*** Opening Provided entries ***

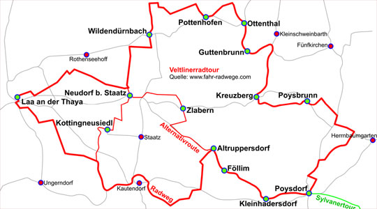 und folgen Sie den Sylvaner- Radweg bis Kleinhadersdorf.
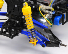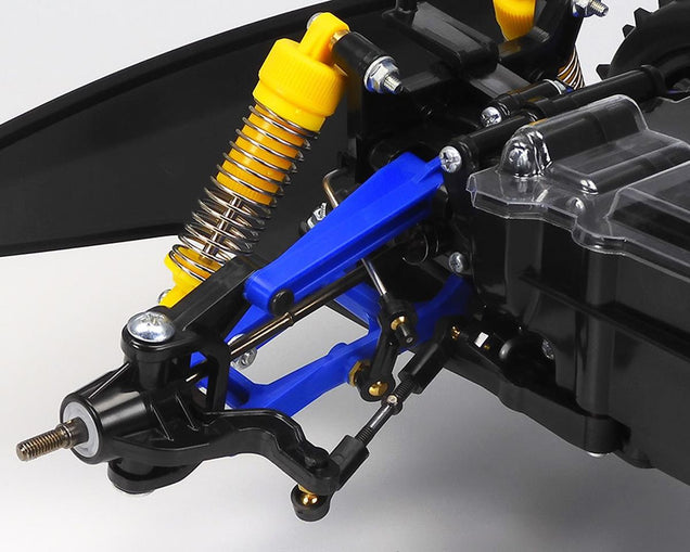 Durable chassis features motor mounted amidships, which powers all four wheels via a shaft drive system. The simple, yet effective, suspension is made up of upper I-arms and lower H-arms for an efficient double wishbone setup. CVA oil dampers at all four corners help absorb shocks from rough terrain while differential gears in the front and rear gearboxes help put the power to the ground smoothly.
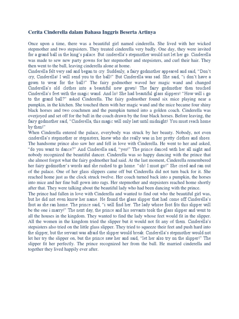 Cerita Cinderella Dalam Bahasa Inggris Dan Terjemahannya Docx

*** Closing Provided entries ***
*** Opening Provided entries ***

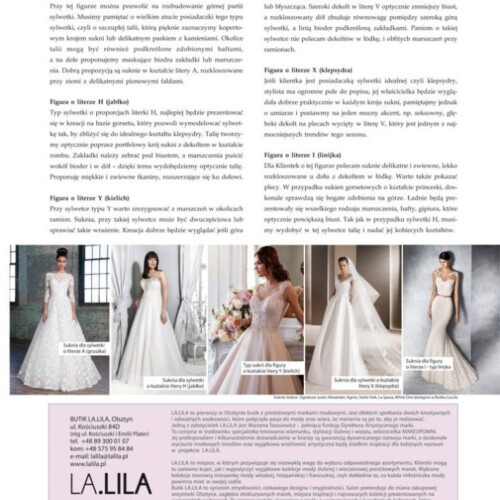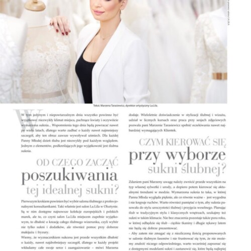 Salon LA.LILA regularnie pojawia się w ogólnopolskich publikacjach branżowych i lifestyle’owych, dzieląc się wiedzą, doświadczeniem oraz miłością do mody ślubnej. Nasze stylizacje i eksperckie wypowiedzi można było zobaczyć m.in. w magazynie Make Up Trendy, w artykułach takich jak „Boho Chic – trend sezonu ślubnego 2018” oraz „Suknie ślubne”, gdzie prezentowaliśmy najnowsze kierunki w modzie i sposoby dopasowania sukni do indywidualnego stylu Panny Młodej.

*** Closing Provided entries ***
*** Opening Provided entries ***

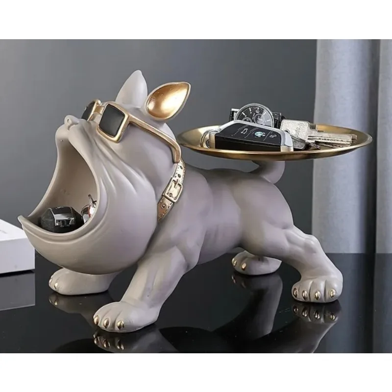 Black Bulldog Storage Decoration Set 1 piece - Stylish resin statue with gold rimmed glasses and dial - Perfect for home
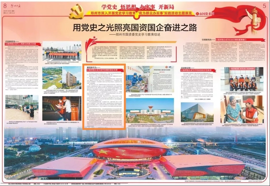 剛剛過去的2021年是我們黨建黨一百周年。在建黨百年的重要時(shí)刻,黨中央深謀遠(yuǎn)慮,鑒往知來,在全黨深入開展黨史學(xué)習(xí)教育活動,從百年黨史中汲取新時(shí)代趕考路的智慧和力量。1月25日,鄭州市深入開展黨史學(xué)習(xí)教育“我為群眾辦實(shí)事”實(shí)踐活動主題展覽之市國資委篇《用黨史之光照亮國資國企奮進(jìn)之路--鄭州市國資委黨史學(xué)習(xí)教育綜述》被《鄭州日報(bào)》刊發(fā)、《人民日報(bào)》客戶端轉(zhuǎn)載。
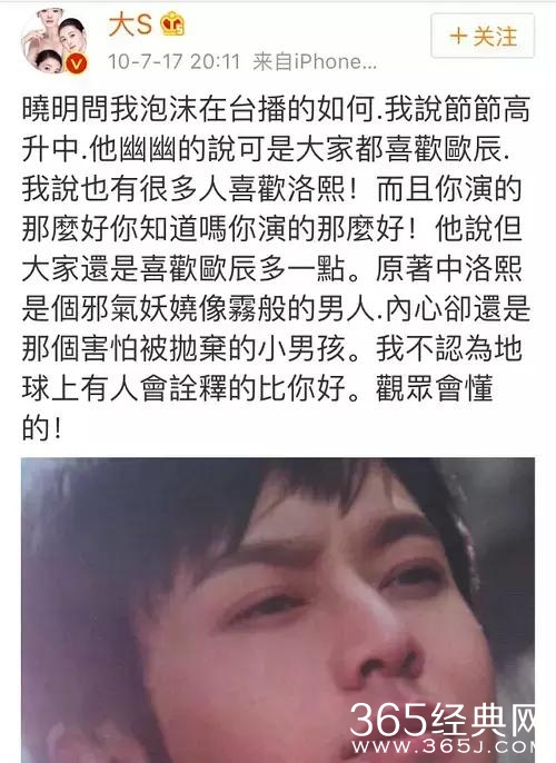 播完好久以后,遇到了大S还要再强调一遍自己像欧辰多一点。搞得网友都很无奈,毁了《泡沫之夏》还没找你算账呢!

*** Closing Provided entries ***

The lines to reproduce run from the one above containing "und folgen Sie" through the one containing "Cerita Cinderella Dalam". Copy them exactly and leave out all pictures.

■ **Output below**:
 und folgen Sie den Sylvaner- Radweg bis Kleinhadersdorf.
 Durable chassis features motor mounted amidships, which powers all four wheels via a shaft drive system. The simple, yet effective, suspension is made up of upper I-arms and lower H-arms for an efficient double wishbone setup. CVA oil dampers at all four corners help absorb shocks from rough terrain while differential gears in the front and rear gearboxes help put the power to the ground smoothly.
 Cerita Cinderella Dalam Bahasa Inggris Dan Terjemahannya Docx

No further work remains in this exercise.